> **Requirement**:
Please print exactly the lines from the line containing "Robe longue moderne" through the end of the data, no more, and keep pictures out of the copy.

> **Source data**:
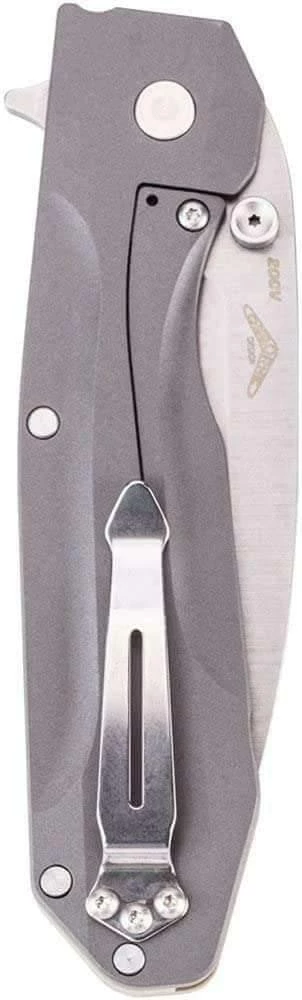 From designer Warren Osborne, the Proxy combines G10 and solid titanium in a monolock that brings a highly modern look and feel to the Benchmade lineup. This beautiful knife is a flipper knife by pressing the backside and it rolls smoothly out. Made in USA.
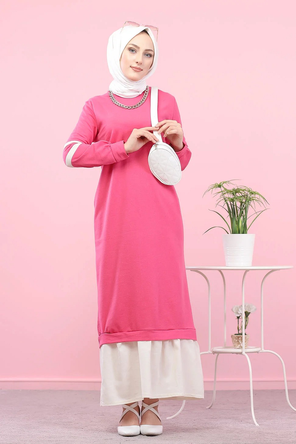 Robe longue moderne et decontractee bi-couleur pour femme voilee (Robes Hijab pas cher) - Couleur rose fuchsia et blanc
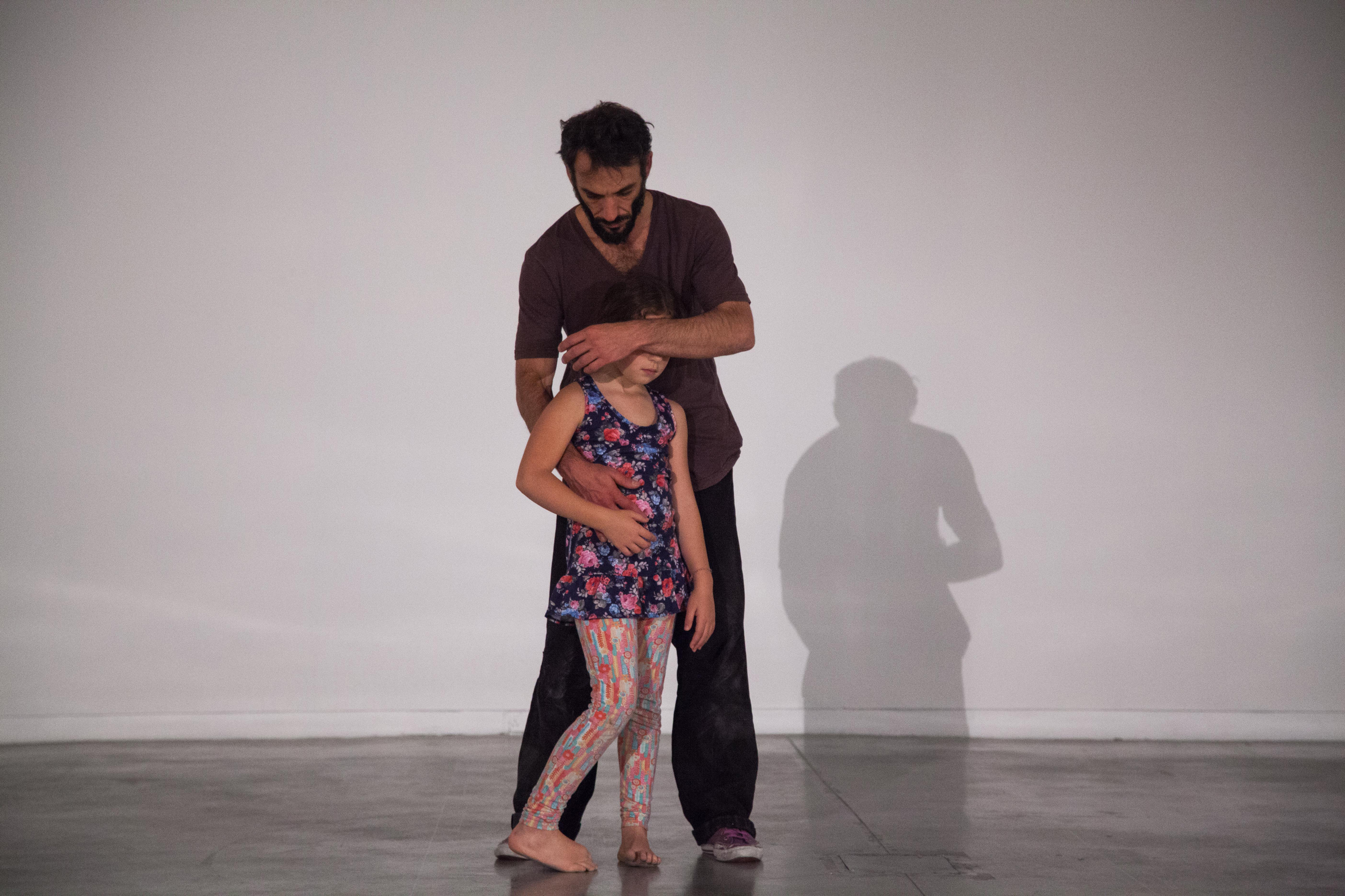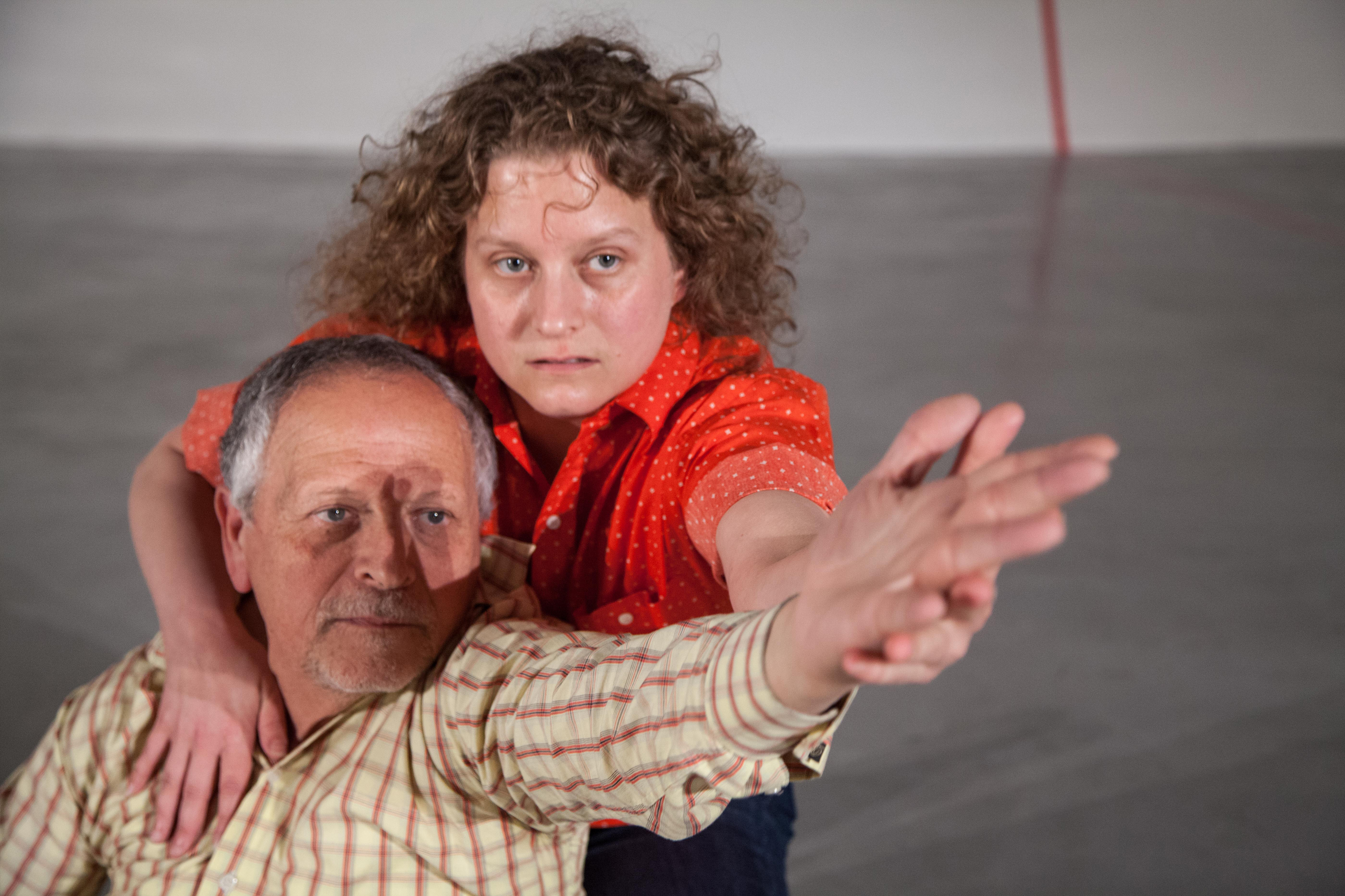 A dancer dances with her father. A dancer dances with his mother. A dancer dances with his son. A dancer dances with her sister. Then the dancers improvise following that physical impression - the remaining contact - while their relatives look after them

> **Task answer**:
 Robe longue moderne et decontractee bi-couleur pour femme voilee (Robes Hijab pas cher) - Couleur rose fuchsia et blanc
 A dancer dances with her father. A dancer dances with his mother. A dancer dances with his son. A dancer dances with her sister. Then the dancers improvise following that physical impression - the remaining contact - while their relatives look after them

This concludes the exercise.